To answer your question a little bit: if you're not using TAPI; and you want
the data to be streamed in real-time {i.e. not waiting for all the audio to
be streamed and then sending to the engine, then you need to implement your
own SAPI audio object. This is a COM object that implements the ISpAudio
interface, which allows SAPI to call the Read() method to read data from the
engine. The ISpAudio interface is documented in the SAPI 5.1 help. However,
writing an object like this is not necessarily simple, and requires a
reasonable understanding of COM and threading. There a sample in the SDK
called Simple Audio that is an example audio object of this type, and a
couple of help pages in the SDK help may be also be useful: "Using Sample
Audio Object" {in the "Whitepapers" section}, and "AudioApp for VisualBasic"
{ in the "SDK Samples {Automation}" }section.
If it's possible to wait for the audio to finish streaming before starting
recognition, things are simpler. You can use the SpMemoryStream,
SpCustomStream or SpStream classes to feed the audio data in a single chunk
to the recognizer.
I hope this helps, let me know if you have further questions,
Dave Wood
Speech Components Group
Microsoft
--
This posting is provided "AS IS" with no warranties, and confers no rights.
"Andreas Marschall [MVP TAPI]" <Andreas....@I-B-A-M.de> wrote in
message news:uMb9zq9w...@TK2MSFTNGP09.phx.gbl...
First of all, thank you so very VERY much for taking the time to answer my
question. I think I understand where you're coming from. If I want a direct,
contiguous feed into the engine then I'll need to build the COM object for
Speech automation. That way I simply feed in the bytes and SAPI figures out
when and how to read them. Otherwise, I can wait for chuncks of data to come
in and then assign them into the custom stream objects. Is that correct?

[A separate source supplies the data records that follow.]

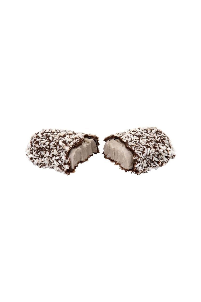 The popular Idaho Spud Bar is a wonderful combination of a light cocoa flavored, soft marshmallow center drenched with a dark chocolate coating and then sprinkled with coconut (Sorry, no potato!). It was originally marketed as a "Healthful" candy bar since it is made with agar agar instead of gelatin.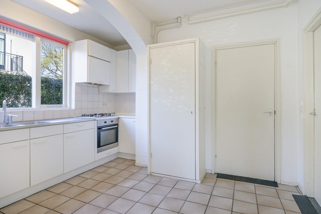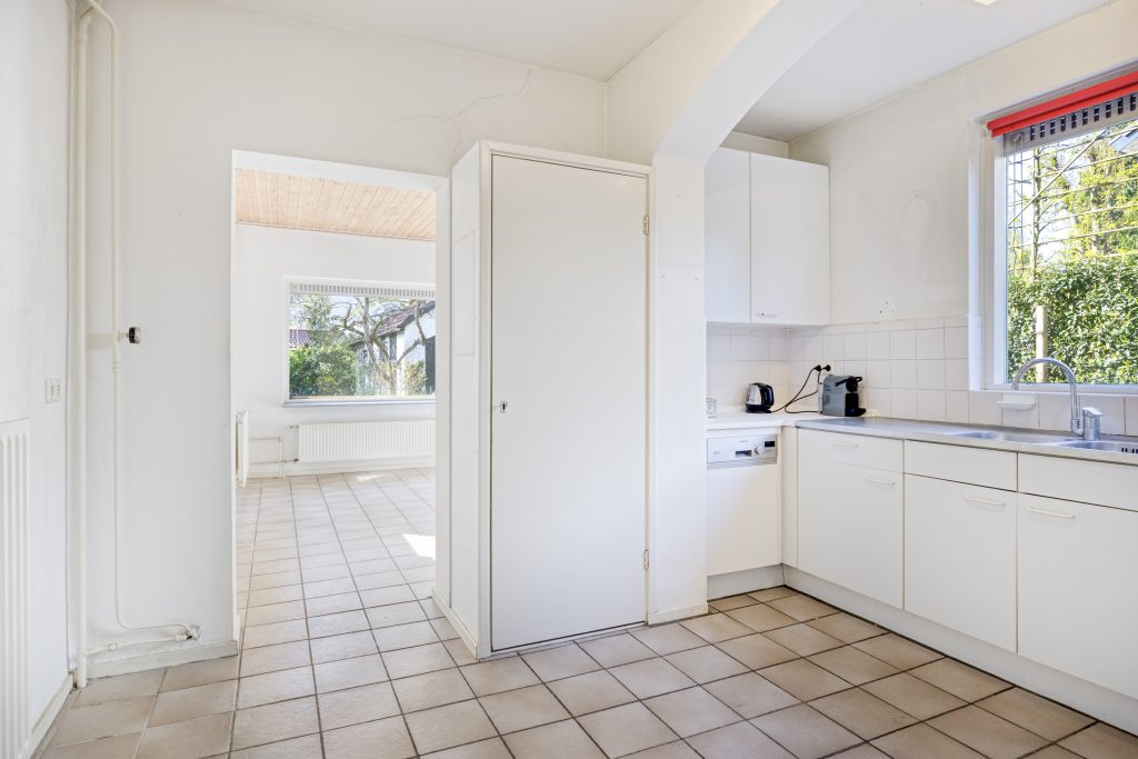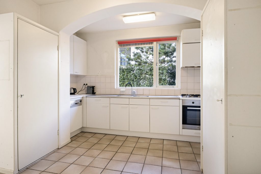Vanuit de hal is ook de keuken bereikbaar, een fijne ruimte met twee grote inbouwkasten en een groot raam, dat zorgt voor een mooie lichtinval. Vanuit de keuken bereikt men zowel de woonkamer als de ruime tuinkamer.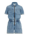 Dieser Denim-Jumpsuit aus einer weichen Baumwollmischung hat einen normalen Kragen, kurze Ärmel und zwei Brusttaschen. Ein Reißverschluss, ein Gummizug in der Taille und praktische Taschen machen diesen Jumpsuit zu einer bequemen und vielseitigen Wahl.
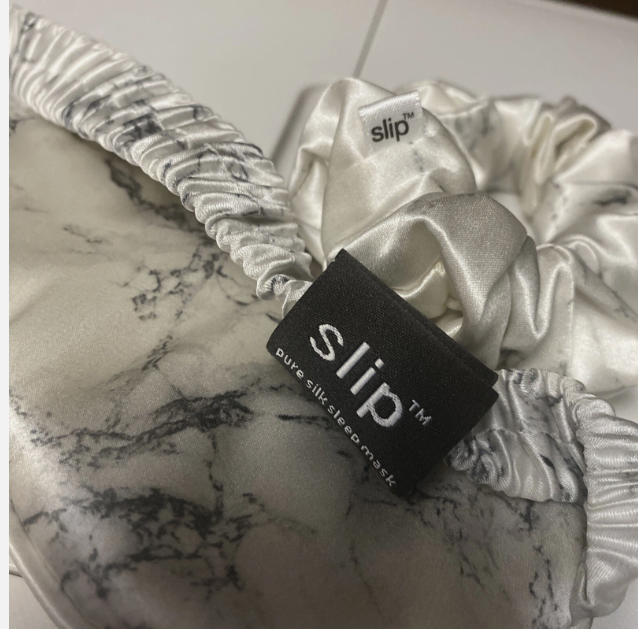 - Slip Pure Silk + Eye Mask, White Marble With Large Slip Hair Scrunchies Tie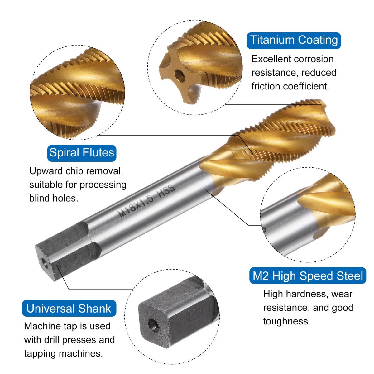 Spiral Flute Tap: Metric thread size: M18 x 1.5 (right hand), accuracy: H2; thread length: 35mm / 1.38"; total length: 110mm / 4.33"; square shank width: 11mm / 0.43". Spiral flutes are fully ground to provide upward chip removal, with clear threads and sharp cutting edges.. M2 (6542) High Speed Steel: Run at high speeds and generate threads quickly and efficiently, offering high hardness, wear resistance, and good toughness. Titanium coating provides excellent corrosion resistance, and reduces the coefficient of friction for smoother tapping.. Applications: Thread taps are great for processing blind holes and sticky materials. Used for drilling and tapping stainless steel, aluminum, alloy steel, ordinary steel, cast iron, non-ferrous metals, hard plastics, etc. Flutes on the screw tap help to remove chips and debris from the hole.. Machine Tap: Suitable for drill presses, tapping machines, CNC and milling machines. Used with tapping oil to get higher quality threads and more durable taps. Machine taps are suggested to be used with tap chucks with overload protection. Not recommended for hand use and electric drill tapping.. Tips: Tapping angle should be 90 degrees vertical and stable. The tapping depth should not exceed 1.5 times the diameter of the tap. Control the speed according to the material hardness. The higher the hardness, the slower the speed..Other fine products

I am willing to try either option (I have some experience with C++ COM and
threading), however I have so far had no luck with the custom objects. I have
tried the SpMemoryStream, SpCustomStream, and SpStream objects and I can't
seem to get SAPI to budge! Can you give me some quick sample code showing how
to use them with raw PCM? I can set up the testbed to receive a single spoken
statement in raw PCM, write it out to a wav/RIFF file and feed it into a SAPI
Filestream object, and everything works. I just need to eliminate the
file-based middle man and write the PCM directly to the AudioInputStream
field of the Recognizer. IT JUST DOESN'T EVER WORK! Can you help me? If the
wav file works, what am I doing wrong?!!
I am having similar problem with the one you brought up on this thread. So
have you got any solution?
could you please detail your actual problem - maybe others could
help, too.
Best regards,
Matthias Moetje
-------------------------------------
TERASENS GmbH
Ackermannstraße 3
80797 München
-------------------------------------
Fon: +49 89 143370-0
Fax: +49 89 143370-22
e-mail: moetje at terasens dot de
www: www.terasens.de
-------------------------------------
"asiboro" <asi...@discussions.microsoft.com> wrote in message
news:AA701FA1-82F1-41CE...@microsoft.com...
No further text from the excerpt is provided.